A delay of mail, such as occurred in the present case, in our opinion amounts to accidents or surprise for which judgment by default may be set aside, especially when the defendant shows by affidavit or otherwise that he has a valid and meritorious defense. The time fixed for filing paper in a cause is generally directory and the court always has it in its power, in the exercise of a proper discretion, to extend the time fixed by law whenever the ends of justice would seem to demand such an extension. (Wood v.
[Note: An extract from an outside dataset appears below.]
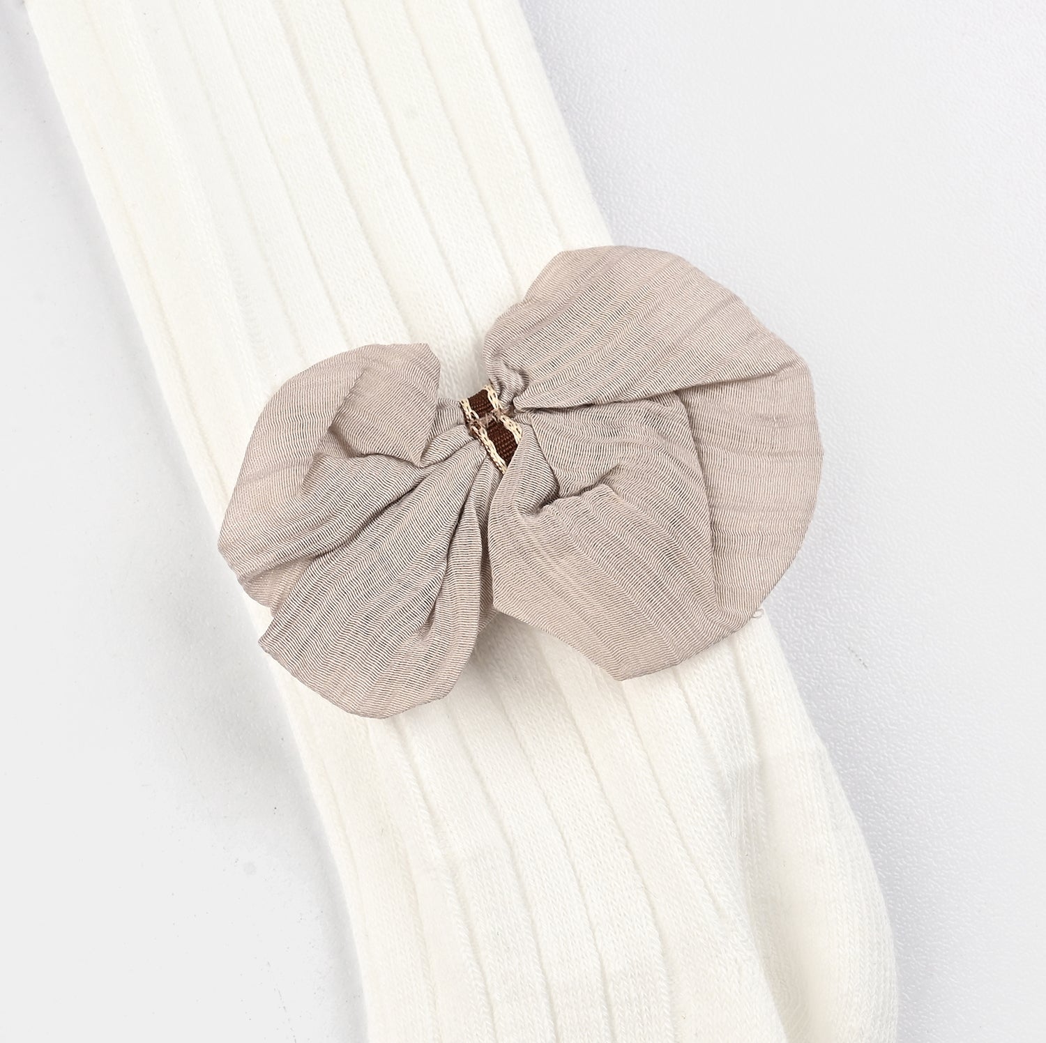 These cotton tights with attached socks provide a soft, breathable fit for baby girls in spring and autumn. The one-piece design, featuring a delicate princess bow, keeps little ones warm without overheating while offering comfort and style.

Fobes and Farnham, 5 Cal., 62.)

Considering the causes which prevented the defendant from making its appearance within the time prescribed by subparagraph 2 of article 392 of Act No. 190 and considering its showing that, if permitted to answer, it has a meritorious defense, we are of the opinion, and so decide, that the judgment by default rendered by the lower court should be and is hereby set aside, and it is hereby ordered and decreed that the defendant’s appearance be admitted and that it be given ten days in which to answer from notice of this decision. And without any finding as to costs, it is so ordered.

Araullo, C.J., Street, Malcolm, Avanceña, Ostrand, Johns, and Romualdez, JJ., concur.